== Input material

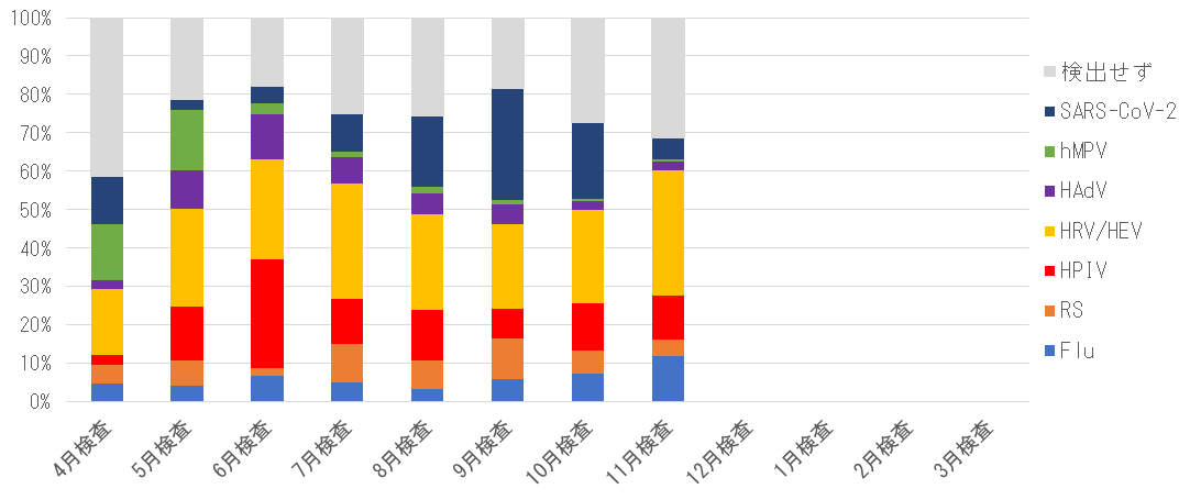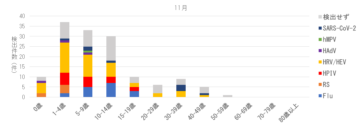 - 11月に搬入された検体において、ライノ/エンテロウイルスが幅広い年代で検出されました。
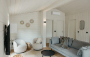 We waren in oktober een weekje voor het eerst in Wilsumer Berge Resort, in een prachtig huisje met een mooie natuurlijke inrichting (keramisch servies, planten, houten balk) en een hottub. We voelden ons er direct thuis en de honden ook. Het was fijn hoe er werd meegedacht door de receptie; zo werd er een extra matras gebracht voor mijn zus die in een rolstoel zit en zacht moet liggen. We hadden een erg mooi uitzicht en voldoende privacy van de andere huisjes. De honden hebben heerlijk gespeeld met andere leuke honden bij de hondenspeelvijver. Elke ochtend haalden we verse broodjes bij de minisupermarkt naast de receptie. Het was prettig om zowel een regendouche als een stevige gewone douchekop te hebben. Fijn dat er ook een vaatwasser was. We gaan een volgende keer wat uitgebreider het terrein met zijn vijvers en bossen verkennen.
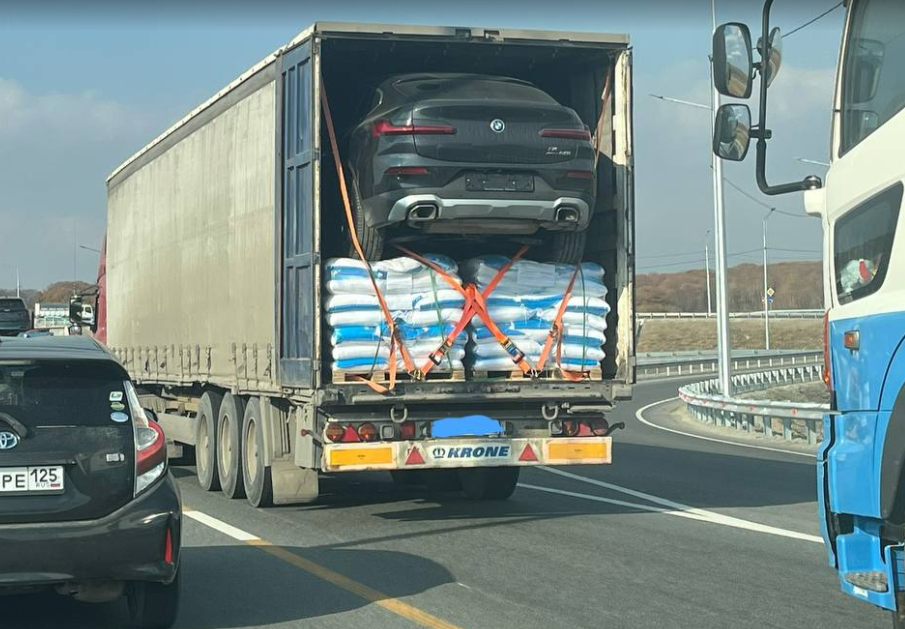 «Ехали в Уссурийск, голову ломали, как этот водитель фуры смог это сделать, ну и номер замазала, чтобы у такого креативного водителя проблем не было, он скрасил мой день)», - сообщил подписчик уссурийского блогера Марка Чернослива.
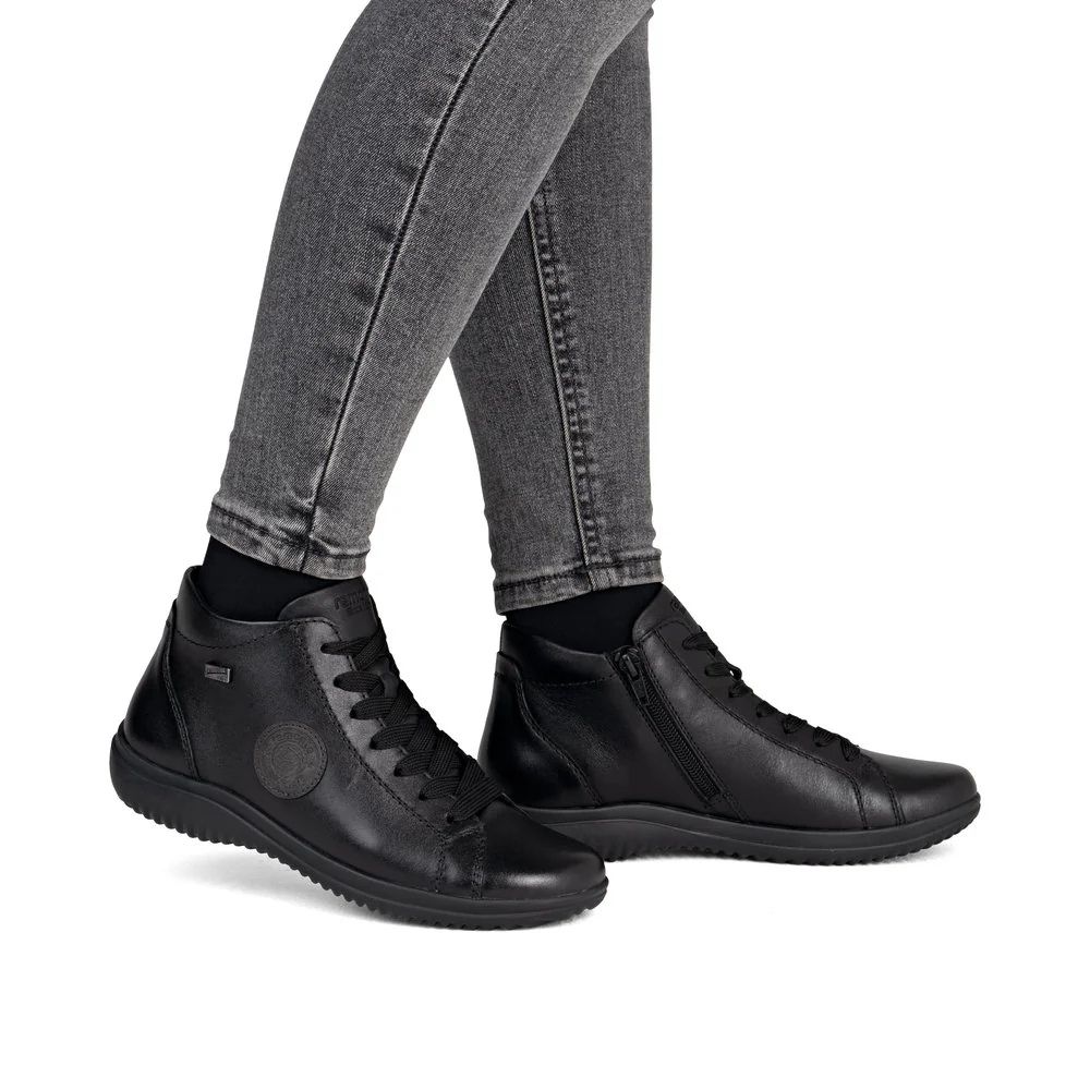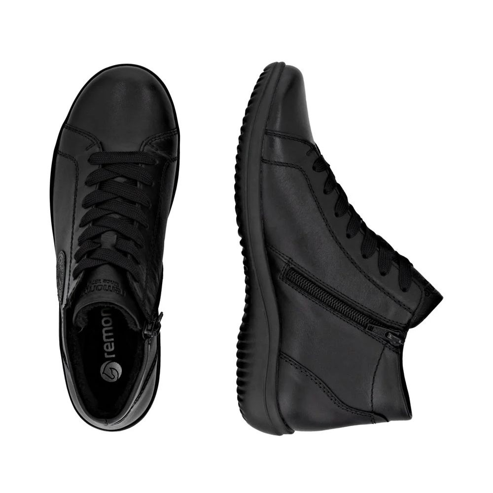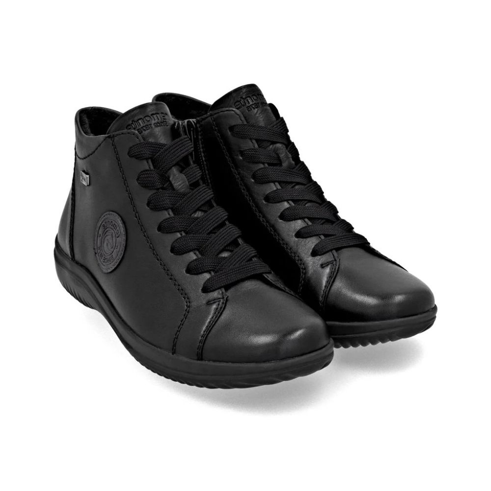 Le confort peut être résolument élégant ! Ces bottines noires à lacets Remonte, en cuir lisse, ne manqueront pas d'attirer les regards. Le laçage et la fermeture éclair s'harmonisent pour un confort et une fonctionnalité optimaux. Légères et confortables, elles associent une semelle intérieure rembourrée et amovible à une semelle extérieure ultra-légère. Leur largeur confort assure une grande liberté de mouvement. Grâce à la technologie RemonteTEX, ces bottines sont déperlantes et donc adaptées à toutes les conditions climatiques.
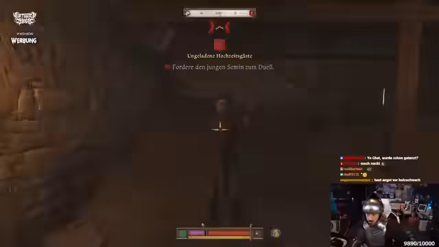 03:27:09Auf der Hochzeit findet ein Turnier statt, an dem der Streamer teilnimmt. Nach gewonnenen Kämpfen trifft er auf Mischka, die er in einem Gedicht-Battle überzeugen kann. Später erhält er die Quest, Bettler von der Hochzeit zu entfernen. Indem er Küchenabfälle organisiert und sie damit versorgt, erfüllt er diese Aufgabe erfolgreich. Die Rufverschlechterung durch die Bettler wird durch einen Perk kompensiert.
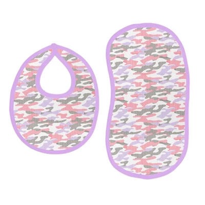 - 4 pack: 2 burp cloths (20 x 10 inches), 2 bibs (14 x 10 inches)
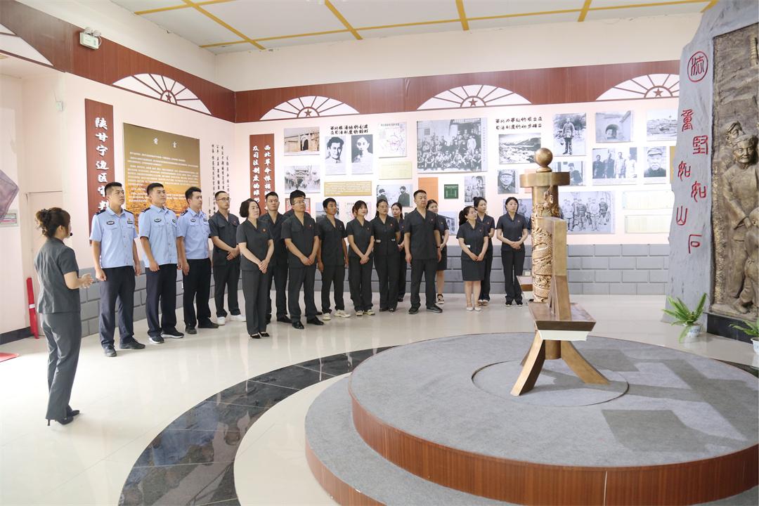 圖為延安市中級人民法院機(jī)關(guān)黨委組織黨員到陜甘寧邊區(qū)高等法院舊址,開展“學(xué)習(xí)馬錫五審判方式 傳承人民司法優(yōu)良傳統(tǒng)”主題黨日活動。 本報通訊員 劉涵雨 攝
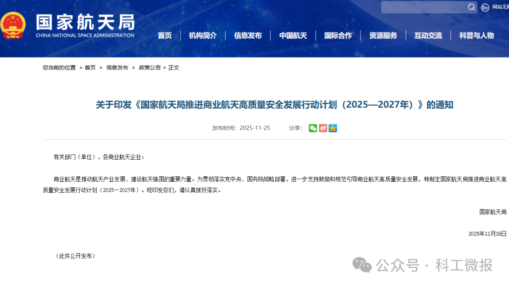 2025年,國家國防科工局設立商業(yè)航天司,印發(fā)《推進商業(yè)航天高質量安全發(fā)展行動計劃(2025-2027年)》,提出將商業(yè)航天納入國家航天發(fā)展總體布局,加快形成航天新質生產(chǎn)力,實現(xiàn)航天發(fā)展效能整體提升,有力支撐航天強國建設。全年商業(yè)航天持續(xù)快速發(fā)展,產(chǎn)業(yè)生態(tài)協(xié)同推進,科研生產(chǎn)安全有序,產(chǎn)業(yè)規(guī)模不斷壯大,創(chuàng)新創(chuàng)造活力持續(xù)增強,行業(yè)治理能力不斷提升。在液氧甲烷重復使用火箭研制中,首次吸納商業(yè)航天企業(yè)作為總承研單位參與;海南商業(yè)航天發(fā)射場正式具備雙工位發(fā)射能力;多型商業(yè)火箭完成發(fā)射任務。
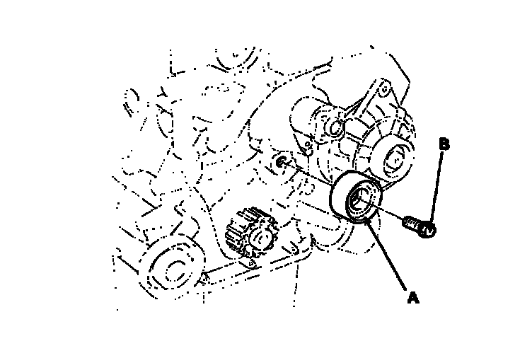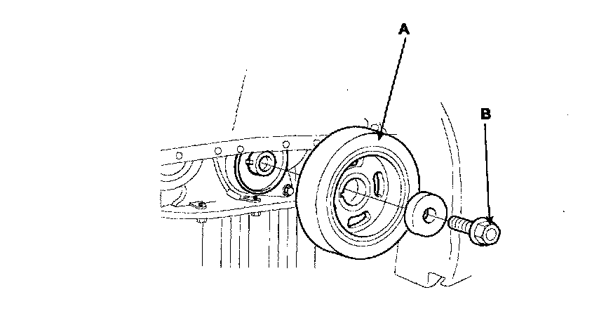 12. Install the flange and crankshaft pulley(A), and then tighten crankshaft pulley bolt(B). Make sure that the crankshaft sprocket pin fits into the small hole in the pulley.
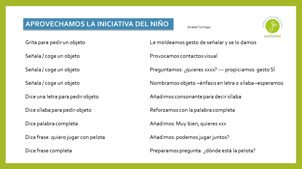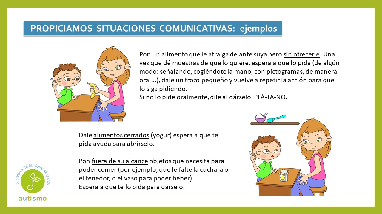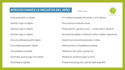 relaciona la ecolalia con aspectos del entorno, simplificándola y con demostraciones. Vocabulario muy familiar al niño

====

--- How to complete this task ---
Nothing in the entries above should change when they are printed again, except that the pictures are dropped.

--- Task answer ---
 - 11月に搬入された検体において、ライノ/エンテロウイルスが幅広い年代で検出されました。
 We waren in oktober een weekje voor het eerst in Wilsumer Berge Resort, in een prachtig huisje met een mooie natuurlijke inrichting (keramisch servies, planten, houten balk) en een hottub. We voelden ons er direct thuis en de honden ook. Het was fijn hoe er werd meegedacht door de receptie; zo werd er een extra matras gebracht voor mijn zus die in een rolstoel zit en zacht moet liggen. We hadden een erg mooi uitzicht en voldoende privacy van de andere huisjes. De honden hebben heerlijk gespeeld met andere leuke honden bij de hondenspeelvijver. Elke ochtend haalden we verse broodjes bij de minisupermarkt naast de receptie. Het was prettig om zowel een regendouche als een stevige gewone douchekop te hebben. Fijn dat er ook een vaatwasser was. We gaan een volgende keer wat uitgebreider het terrein met zijn vijvers en bossen verkennen.
 «Ехали в Уссурийск, голову ломали, как этот водитель фуры смог это сделать, ну и номер замазала, чтобы у такого креативного водителя проблем не было, он скрасил мой день)», - сообщил подписчик уссурийского блогера Марка Чернослива.
 Le confort peut être résolument élégant ! Ces bottines noires à lacets Remonte, en cuir lisse, ne manqueront pas d'attirer les regards. Le laçage et la fermeture éclair s'harmonisent pour un confort et une fonctionnalité optimaux. Légères et confortables, elles associent une semelle intérieure rembourrée et amovible à une semelle extérieure ultra-légère. Leur largeur confort assure une grande liberté de mouvement. Grâce à la technologie RemonteTEX, ces bottines sont déperlantes et donc adaptées à toutes les conditions climatiques.
 03:27:09Auf der Hochzeit findet ein Turnier statt, an dem der Streamer teilnimmt. Nach gewonnenen Kämpfen trifft er auf Mischka, die er in einem Gedicht-Battle überzeugen kann. Später erhält er die Quest, Bettler von der Hochzeit zu entfernen. Indem er Küchenabfälle organisiert und sie damit versorgt, erfüllt er diese Aufgabe erfolgreich. Die Rufverschlechterung durch die Bettler wird durch einen Perk kompensiert.
 - 4 pack: 2 burp cloths (20 x 10 inches), 2 bibs (14 x 10 inches)
 圖為延安市中級人民法院機(jī)關(guān)黨委組織黨員到陜甘寧邊區(qū)高等法院舊址,開展“學(xué)習(xí)馬錫五審判方式 傳承人民司法優(yōu)良傳統(tǒng)”主題黨日活動。 本報通訊員 劉涵雨 攝
 2025年,國家國防科工局設立商業(yè)航天司,印發(fā)《推進商業(yè)航天高質量安全發(fā)展行動計劃(2025-2027年)》,提出將商業(yè)航天納入國家航天發(fā)展總體布局,加快形成航天新質生產(chǎn)力,實現(xiàn)航天發(fā)展效能整體提升,有力支撐航天強國建設。全年商業(yè)航天持續(xù)快速發(fā)展,產(chǎn)業(yè)生態(tài)協(xié)同推進,科研生產(chǎn)安全有序,產(chǎn)業(yè)規(guī)模不斷壯大,創(chuàng)新創(chuàng)造活力持續(xù)增強,行業(yè)治理能力不斷提升。在液氧甲烷重復使用火箭研制中,首次吸納商業(yè)航天企業(yè)作為總承研單位參與;海南商業(yè)航天發(fā)射場正式具備雙工位發(fā)射能力;多型商業(yè)火箭完成發(fā)射任務。
 12. Install the flange and crankshaft pulley(A), and then tighten crankshaft pulley bolt(B). Make sure that the crankshaft sprocket pin fits into the small hole in the pulley.
 relaciona la ecolalia con aspectos del entorno, simplificándola y con demostraciones. Vocabulario muy familiar al niño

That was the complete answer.